Oil on canvas, 1897, by George Cope (1855 – 1929)


There is something immediately very disarming about Hanging Woodcock which also invites a certain sense of guilty wonder. Cope has deployed the technique of trompe l’oeil to deceive our immediate perceptions of what has been presented here. Is this a framed section of wood panel over which the birds have been painted? The startling realism of the wood grain certainly suggests this when first viewed at a distance. In fact, the eye is drawn to the painting because it immediately stands out as being antithetical to most other works in its vicinity in that it strikes one as being constructed on a material other than canvas. This brooks the question: how has the image of the woodcocks survived a hundred and twenty odd years without being absorbed into the wood itself, without disappearing or decomposing as, indeed, the slain birds would disappear and decompose if left to nature and the elements? The question of temporality is positioned against the notion of art’s ability to suspend or to capture an image indefinitely. But, on closer inspection we realise that the wood itself is actually painted and thus the trick joyously revealed.

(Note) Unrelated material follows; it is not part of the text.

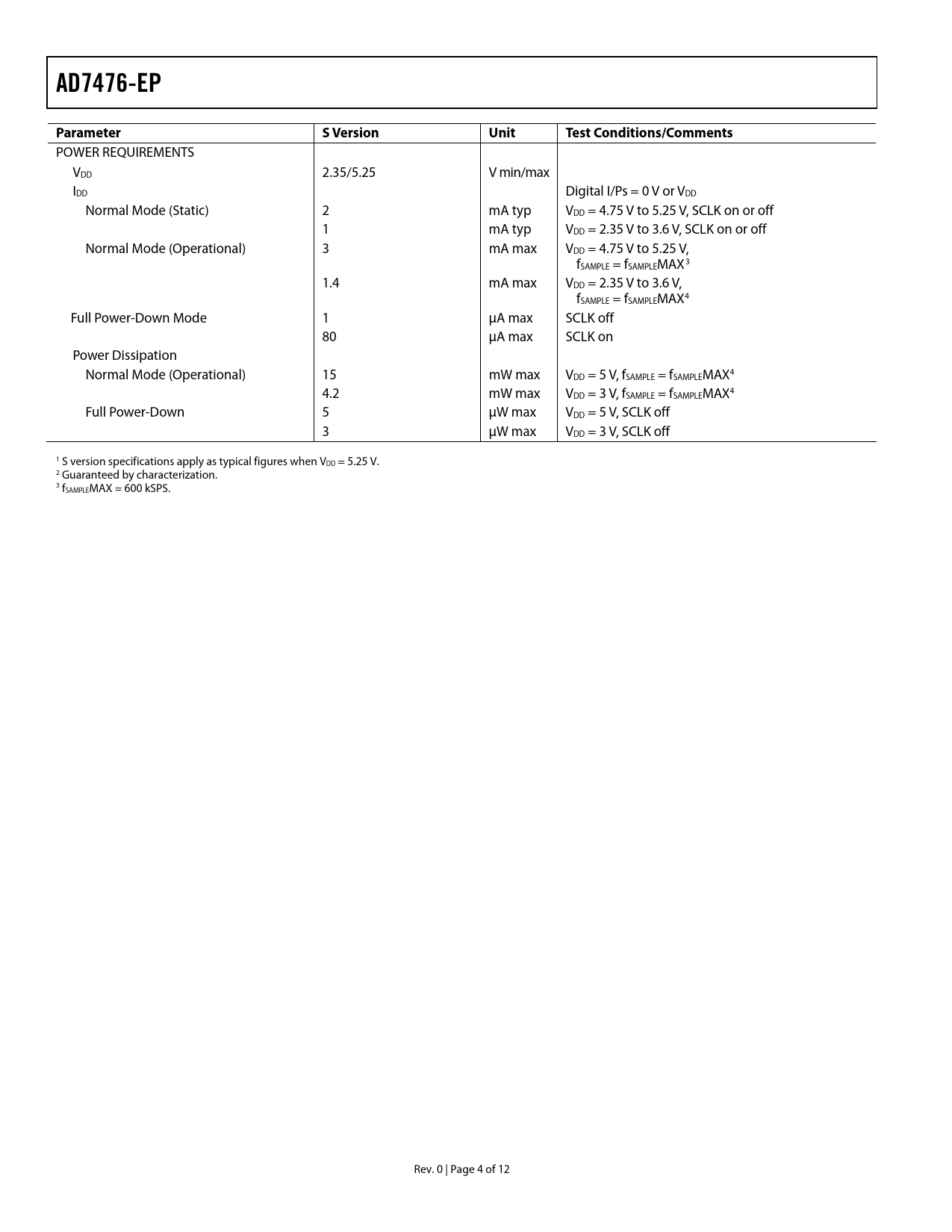 AD7476-EP Parameter S Version Unit Test Conditions/Comments

However, there is something here which further deceives our notions of art as we most usually experience it: there is no movement in this piece, there is no flicker of life being captured, no kinetic momentum which parallels art’s mission to represent “life” – we instead have death, inertia, redundancy. It’s almost as if it represents an embodiment of “anti-art” which is still, nonetheless, in itself compellingly artistic. In its very existence as an art piece, it is simultaneously also stripped of art’s mandate to reproduce life. And yet, therein lies its ultimate irony and its captive power: its subjects are “so dead” that the work itself as a whole is actually very much alive. Alive with resonant pathos, horror, regret and guilt which works within us as we view it: our emotions are ever more reactive the more we realise how still and lifeless the birds are.

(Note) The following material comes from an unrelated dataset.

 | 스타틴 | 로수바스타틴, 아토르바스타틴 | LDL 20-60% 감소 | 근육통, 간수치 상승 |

This comes about through the compositional placement of the woodcock. They are inverted, hanging upside down by a small bit of yarn tied to their feet. This suspension invokes a sense of unbearable pointlessness at their slaughter. We immediately want them to be untied, righted and set free to fly away, their graceful wings now so apparently negated and there is something utterly touching in their long beaks and tightly shut eyes. And yet Cope overtly presents us with the plump breast of the bird on the left, making us mindful of the realities of the grim and bloody domesticity which undercuts our lives constantly: the woodcock have been hunted and now hung ultimately because they are to be a product of consumption by humans; they are food. Why do we view this depiction with any particular horror when the truth is we farm and slaughter other animals we eat without ever really contemplating them? Cope has served us up a truth we would rather deny or at least be spared and this makes the painting attract and hold our abhorrent gaze in a manner which is almost a glaring indictment against us. In a way we are also consuming the woodcock just by staring at the painting and the longer we stare, the more uneasy and guilty we feel.


Image courtesy of the Fogg Museum, Harvard University.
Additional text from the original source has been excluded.